An acceptable answer repeats exactly the line with "广西防城港市全体大法弟子庆贺513世界法轮大法日!恭祝师父生日快乐!" and each line after it through the end of the entries, and includes nothing else.
Given entries Block Start
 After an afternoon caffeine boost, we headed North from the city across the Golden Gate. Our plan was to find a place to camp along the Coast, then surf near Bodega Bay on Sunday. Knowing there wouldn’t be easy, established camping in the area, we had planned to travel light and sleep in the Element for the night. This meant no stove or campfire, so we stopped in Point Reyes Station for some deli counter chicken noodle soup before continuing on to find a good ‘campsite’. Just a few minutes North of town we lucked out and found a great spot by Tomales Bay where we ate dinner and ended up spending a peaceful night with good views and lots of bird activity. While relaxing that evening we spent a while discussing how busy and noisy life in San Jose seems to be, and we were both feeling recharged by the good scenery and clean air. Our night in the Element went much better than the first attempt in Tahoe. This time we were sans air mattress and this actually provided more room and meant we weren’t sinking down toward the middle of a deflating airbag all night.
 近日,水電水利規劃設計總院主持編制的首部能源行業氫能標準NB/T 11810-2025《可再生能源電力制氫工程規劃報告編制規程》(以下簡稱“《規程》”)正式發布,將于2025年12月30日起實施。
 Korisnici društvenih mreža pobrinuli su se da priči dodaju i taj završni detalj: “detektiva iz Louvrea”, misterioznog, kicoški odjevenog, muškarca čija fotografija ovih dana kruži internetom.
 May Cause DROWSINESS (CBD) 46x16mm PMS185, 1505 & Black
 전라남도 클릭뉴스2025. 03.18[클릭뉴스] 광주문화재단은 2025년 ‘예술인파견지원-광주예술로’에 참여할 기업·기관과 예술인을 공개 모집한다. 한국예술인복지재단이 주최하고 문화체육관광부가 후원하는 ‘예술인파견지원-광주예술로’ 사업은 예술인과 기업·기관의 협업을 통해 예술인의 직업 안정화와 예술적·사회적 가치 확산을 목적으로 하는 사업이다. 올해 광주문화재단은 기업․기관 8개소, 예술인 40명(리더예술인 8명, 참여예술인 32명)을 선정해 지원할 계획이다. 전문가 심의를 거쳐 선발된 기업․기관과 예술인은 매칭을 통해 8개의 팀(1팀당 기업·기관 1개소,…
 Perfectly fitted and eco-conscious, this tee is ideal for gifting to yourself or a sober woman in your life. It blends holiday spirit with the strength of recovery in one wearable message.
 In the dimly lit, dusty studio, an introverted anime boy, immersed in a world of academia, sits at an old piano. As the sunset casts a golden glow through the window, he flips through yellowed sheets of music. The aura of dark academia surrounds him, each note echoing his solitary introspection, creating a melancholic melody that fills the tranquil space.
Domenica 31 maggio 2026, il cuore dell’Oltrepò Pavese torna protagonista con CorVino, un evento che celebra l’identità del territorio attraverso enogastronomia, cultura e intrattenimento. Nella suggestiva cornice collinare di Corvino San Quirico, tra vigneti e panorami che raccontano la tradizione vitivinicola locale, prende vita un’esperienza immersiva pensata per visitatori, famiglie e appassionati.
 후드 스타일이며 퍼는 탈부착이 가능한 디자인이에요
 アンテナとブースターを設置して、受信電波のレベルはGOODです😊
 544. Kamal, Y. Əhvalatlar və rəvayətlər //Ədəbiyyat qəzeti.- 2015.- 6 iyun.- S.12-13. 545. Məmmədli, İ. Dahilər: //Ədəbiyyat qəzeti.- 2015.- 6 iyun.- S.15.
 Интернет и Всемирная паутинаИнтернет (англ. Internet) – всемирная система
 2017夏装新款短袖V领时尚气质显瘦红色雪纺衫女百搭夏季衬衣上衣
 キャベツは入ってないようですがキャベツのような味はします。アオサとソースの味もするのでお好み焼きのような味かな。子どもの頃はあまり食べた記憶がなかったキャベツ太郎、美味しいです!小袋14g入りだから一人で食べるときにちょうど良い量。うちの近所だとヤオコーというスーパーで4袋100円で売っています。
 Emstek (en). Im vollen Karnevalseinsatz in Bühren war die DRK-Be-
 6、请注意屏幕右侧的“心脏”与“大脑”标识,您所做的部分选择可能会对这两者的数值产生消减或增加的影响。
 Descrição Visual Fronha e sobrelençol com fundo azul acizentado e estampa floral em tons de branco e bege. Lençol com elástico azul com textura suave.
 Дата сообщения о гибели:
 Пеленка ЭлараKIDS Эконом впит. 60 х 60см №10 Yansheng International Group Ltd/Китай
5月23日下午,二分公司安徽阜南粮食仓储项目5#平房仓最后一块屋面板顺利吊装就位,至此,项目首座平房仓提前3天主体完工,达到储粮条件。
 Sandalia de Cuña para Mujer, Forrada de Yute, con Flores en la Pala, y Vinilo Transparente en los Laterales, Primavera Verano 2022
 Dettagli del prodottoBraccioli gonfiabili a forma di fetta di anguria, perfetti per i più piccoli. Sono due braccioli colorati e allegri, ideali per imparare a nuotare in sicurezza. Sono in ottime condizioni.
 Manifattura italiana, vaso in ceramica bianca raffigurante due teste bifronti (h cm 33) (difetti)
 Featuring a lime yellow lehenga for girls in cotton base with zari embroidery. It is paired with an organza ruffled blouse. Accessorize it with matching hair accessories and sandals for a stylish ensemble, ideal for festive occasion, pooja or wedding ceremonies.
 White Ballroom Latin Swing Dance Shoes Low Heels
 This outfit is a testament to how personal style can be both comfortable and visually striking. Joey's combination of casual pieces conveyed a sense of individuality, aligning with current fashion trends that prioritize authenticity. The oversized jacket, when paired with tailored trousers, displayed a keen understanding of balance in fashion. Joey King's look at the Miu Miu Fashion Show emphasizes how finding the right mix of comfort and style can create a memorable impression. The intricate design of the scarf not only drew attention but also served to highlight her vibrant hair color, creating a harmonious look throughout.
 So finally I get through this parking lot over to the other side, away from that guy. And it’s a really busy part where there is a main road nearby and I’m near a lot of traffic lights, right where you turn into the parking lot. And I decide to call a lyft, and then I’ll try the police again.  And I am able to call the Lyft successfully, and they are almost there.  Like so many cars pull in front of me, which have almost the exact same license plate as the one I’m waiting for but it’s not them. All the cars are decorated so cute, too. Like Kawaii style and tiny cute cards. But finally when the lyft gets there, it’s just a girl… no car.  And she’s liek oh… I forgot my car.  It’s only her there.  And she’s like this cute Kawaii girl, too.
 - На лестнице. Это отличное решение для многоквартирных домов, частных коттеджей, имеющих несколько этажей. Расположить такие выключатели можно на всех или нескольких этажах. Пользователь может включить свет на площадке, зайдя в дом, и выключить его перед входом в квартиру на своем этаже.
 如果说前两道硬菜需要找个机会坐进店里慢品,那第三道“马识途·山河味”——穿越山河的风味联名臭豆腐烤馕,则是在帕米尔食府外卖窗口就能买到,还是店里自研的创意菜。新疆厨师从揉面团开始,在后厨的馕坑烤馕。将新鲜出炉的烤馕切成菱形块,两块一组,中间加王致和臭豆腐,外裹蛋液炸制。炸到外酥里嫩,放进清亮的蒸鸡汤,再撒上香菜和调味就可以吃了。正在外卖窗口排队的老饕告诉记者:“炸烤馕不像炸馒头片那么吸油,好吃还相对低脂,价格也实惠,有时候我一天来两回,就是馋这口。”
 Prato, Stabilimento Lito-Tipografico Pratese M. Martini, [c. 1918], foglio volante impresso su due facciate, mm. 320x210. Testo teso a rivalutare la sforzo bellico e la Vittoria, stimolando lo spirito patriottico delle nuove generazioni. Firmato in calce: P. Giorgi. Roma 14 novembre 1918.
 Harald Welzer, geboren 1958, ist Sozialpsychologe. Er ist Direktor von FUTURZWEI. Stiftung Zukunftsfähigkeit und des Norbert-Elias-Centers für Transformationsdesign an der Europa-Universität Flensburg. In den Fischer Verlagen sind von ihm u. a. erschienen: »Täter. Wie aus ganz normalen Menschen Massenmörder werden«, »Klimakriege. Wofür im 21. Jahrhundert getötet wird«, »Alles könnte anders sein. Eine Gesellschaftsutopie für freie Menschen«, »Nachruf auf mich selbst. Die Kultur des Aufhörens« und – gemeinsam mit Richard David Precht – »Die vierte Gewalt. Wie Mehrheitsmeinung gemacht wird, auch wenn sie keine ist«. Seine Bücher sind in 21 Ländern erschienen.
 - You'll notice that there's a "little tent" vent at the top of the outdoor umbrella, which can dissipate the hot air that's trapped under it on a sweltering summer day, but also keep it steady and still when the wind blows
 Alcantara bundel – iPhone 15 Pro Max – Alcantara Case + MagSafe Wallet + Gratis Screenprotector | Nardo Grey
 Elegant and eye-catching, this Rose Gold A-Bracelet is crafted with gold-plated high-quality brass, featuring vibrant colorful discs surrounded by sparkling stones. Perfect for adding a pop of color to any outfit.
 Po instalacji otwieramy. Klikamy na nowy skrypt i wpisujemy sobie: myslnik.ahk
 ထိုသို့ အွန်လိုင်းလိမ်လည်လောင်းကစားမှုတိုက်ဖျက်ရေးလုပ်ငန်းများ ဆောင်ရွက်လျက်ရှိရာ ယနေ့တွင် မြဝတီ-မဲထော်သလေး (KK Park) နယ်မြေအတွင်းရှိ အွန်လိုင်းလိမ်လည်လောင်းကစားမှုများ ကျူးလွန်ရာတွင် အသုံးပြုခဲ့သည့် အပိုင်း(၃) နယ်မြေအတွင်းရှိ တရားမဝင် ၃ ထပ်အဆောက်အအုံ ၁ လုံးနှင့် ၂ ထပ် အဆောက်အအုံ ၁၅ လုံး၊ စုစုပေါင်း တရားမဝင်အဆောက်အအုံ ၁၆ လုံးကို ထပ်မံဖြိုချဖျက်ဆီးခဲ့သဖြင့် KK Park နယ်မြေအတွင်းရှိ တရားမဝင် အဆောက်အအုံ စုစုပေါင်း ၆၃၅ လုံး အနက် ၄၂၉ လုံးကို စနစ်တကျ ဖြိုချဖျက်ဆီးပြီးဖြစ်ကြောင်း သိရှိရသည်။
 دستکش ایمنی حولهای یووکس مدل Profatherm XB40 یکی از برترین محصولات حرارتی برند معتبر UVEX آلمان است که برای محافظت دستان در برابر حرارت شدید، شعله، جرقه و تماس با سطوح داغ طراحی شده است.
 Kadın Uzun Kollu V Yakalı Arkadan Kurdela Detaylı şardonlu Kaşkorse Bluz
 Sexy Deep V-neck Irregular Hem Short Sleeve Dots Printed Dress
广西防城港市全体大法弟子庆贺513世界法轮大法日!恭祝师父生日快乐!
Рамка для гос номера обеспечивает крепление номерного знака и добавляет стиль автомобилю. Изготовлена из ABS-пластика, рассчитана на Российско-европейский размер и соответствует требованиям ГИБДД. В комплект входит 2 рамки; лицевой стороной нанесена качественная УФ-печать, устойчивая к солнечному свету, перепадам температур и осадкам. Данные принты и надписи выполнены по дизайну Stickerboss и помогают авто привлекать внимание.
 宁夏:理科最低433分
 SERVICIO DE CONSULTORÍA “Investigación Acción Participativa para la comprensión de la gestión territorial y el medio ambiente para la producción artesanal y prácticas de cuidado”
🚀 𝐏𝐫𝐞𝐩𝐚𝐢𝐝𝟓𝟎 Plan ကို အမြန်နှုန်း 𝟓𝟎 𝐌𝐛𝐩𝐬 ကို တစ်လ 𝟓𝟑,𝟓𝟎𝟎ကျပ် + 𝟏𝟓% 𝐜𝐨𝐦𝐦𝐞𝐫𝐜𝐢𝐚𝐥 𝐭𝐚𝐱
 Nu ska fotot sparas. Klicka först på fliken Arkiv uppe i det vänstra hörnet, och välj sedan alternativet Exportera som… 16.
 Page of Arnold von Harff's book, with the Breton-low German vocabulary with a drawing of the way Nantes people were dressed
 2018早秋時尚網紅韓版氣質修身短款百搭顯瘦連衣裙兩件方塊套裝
Given entries Block End
- **Result below**:
广西防城港市全体大法弟子庆贺513世界法轮大法日!恭祝师父生日快乐!
Рамка для гос номера обеспечивает крепление номерного знака и добавляет стиль автомобилю. Изготовлена из ABS-пластика, рассчитана на Российско-европейский размер и соответствует требованиям ГИБДД. В комплект входит 2 рамки; лицевой стороной нанесена качественная УФ-печать, устойчивая к солнечному свету, перепадам температур и осадкам. Данные принты и надписи выполнены по дизайну Stickerboss и помогают авто привлекать внимание.
 宁夏:理科最低433分
 SERVICIO DE CONSULTORÍA “Investigación Acción Participativa para la comprensión de la gestión territorial y el medio ambiente para la producción artesanal y prácticas de cuidado”
🚀 𝐏𝐫𝐞𝐩𝐚𝐢𝐝𝟓𝟎 Plan ကို အမြန်နှုန်း 𝟓𝟎 𝐌𝐛𝐩𝐬 ကို တစ်လ 𝟓𝟑,𝟓𝟎𝟎ကျပ် + 𝟏𝟓% 𝐜𝐨𝐦𝐦𝐞𝐫𝐜𝐢𝐚𝐥 𝐭𝐚𝐱
 Nu ska fotot sparas. Klicka först på fliken Arkiv uppe i det vänstra hörnet, och välj sedan alternativet Exportera som… 16.
 Page of Arnold von Harff's book, with the Breton-low German vocabulary with a drawing of the way Nantes people were dressed
 2018早秋時尚網紅韓版氣質修身短款百搭顯瘦連衣裙兩件方塊套裝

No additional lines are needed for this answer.